We have recently posted a couple of posts concerning what to do or not to do should you experience an engine failure right after take-off. However, Blake, the blogger behind the Fly With Blake blog, has just posted a video showing a textbook example of what can and will likely go wrong if you attempt to return to the airport at to low of an altitude after an engine failure immediately after take-off.
Unfortunately, the pilot and his acrobatic partner were both killed in the crash and we should warn you, the video is graphic.
Patrick Flannigan says
Wow, just a textbook "impossible turn" accident, but this is a good deal worse than simply not making it back to the field. I wonder what options (if any) existed to land straight ahead.

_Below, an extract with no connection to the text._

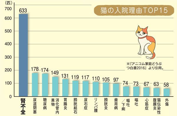 1位は「腎不全」ですね。腎不全が進行すると、脱水症状を改善するために、入院をして常時静脈点滴をすることがあります。
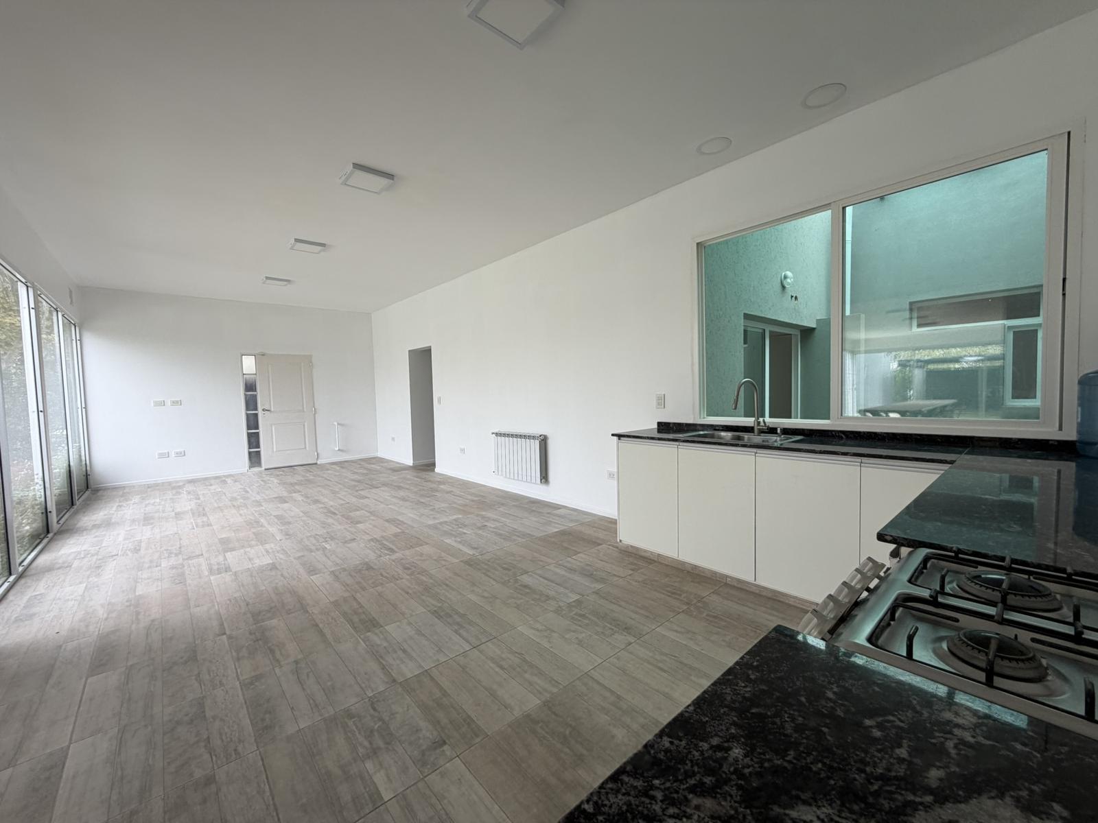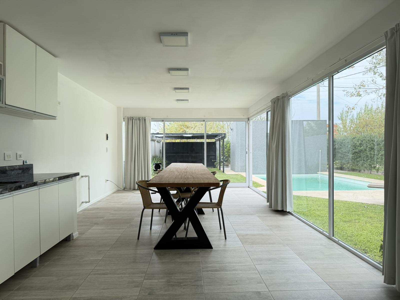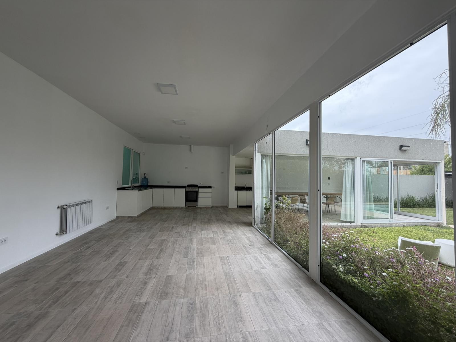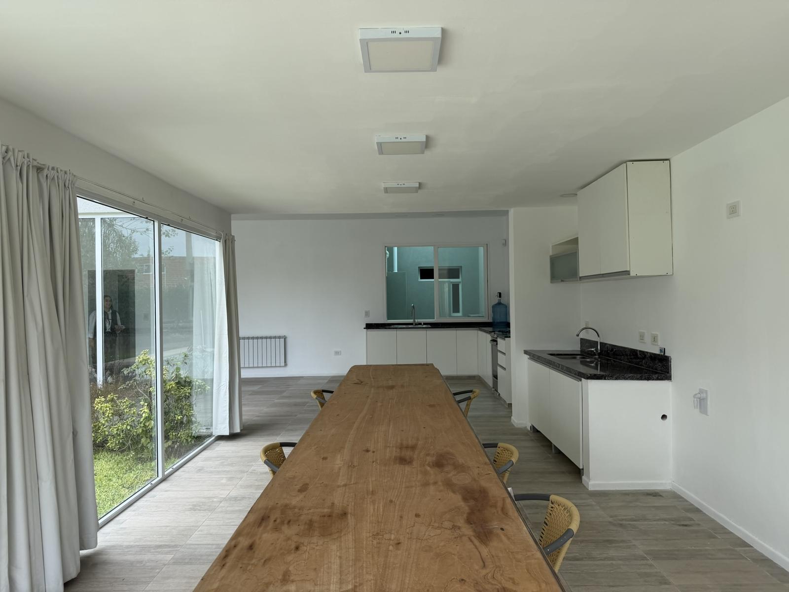Descripción de la unidad: Ingresamos a la casa por living comedor, cocina integrada completamente equipada con bajo mesada y conexión para lavarropas. El ambiente continua hacia un espacio tipo quincho, hoy integrado, pero que ofrece la posibilidad de independizarse, creando un ambiente separado.

Oh Jesus. You can see it coming as he goes into that turn. Argh.
I'm not sure this was a *textbook* "impossibly turn". You only have to review the ATSB safety report to see how Reason's model conspired against them. [ http://www.atsb.gov.au/publications/investigation… ]. A textbook situation doesn't apply when the circumstances aren't textbook themselves. Having said that, it is a good example of what *will* happen to most powered aircraft in such a situation.
"The time between the first engine splutter and the aircraft commencing a left turn was 3.5 seconds. The time between that first splutter and ground impact was 5.8 seconds. If VH-UNA was climbing at 50 kts, the rate of loss of airspeed after an engine power interruption is estimated to be 5 kts per second. The aircraft has a stall speed of approximately 40 kts. Therefore the pilot would have had just two seconds to apply corrective action before the aircraft stalled. There is evidence that the aircraft had on at least one occasion attained only 45 kts, which would allow even less time to react to an unexpected emergency situation."

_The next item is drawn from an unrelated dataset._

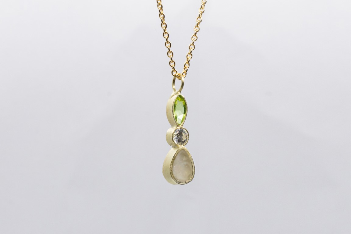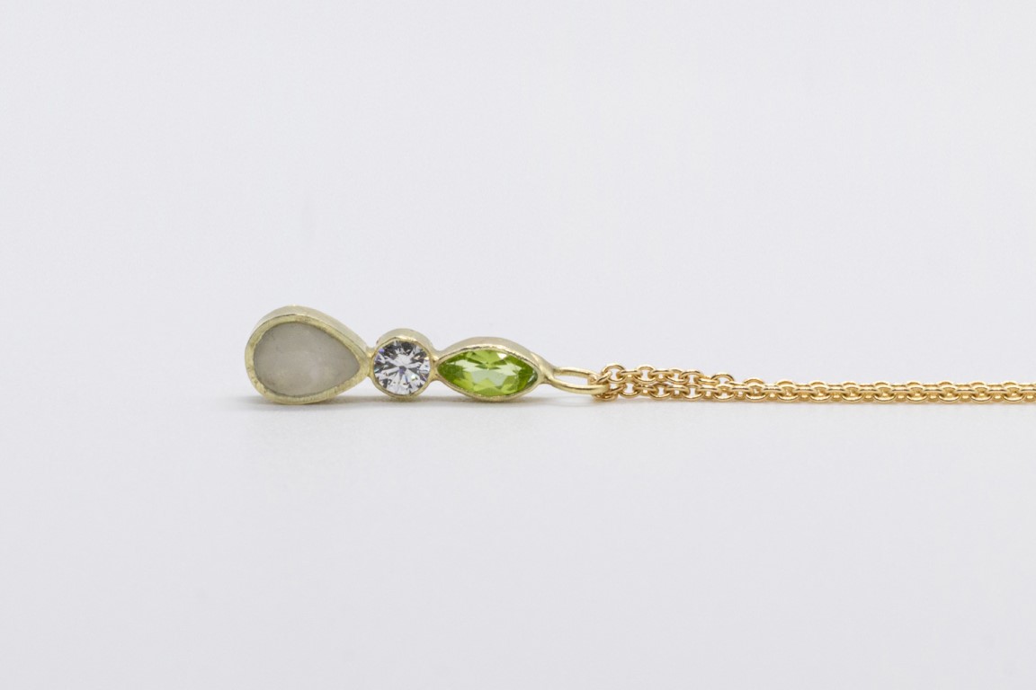 Deze fijne hanger bestaat uit een druppel met een inclusie naar keuze en twee geboortesteentjes die jouw verhaal verder aanvullen.
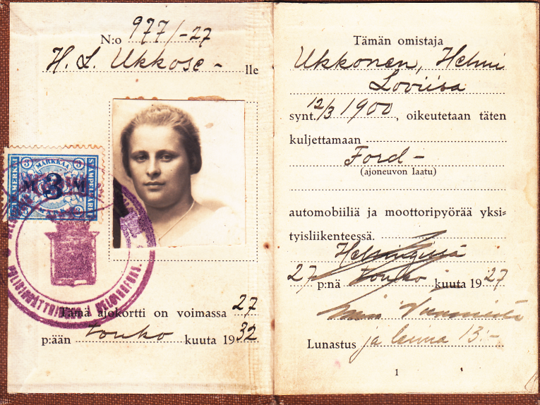 ![]() Tove Blomqvistin äidin äidin Helmi Ukkosen ajokortti (syt. 1900) |

Experiments conducted suggest that a pilot will take 5 seconds to react to an unanticipated emergency situation. When the range of available speeds is only 10 or 15 knots in a high drag machine – it means that the preservation of airspeed is essential. The pilot didn
David Walker says
I met this pilot and wing-walker and knew them from Gil Layts flying school at Archerfield. They were both happy go lucky people, just the kind you'd find looking after sick kids. It was sickening and tragic to see this had happened – all we can do is try to learn from it. Training and re-training is #1 folks; we can never listen to a gut instinct. This is the first time I have known the (accident) pilots hours on Tiger Moths and total hours. You wouldn't have expected that such an accident would happen to someone that familiar with Moths; but when is an accident ever expected? In the ensuing years after 94 I trained on taildraggers myself, gaining both AUF and civil (VH) tail dragger instruction qualifications. In the AUF part, I was shown and trained that, depending on aircraft type, it is possible to turn back to field.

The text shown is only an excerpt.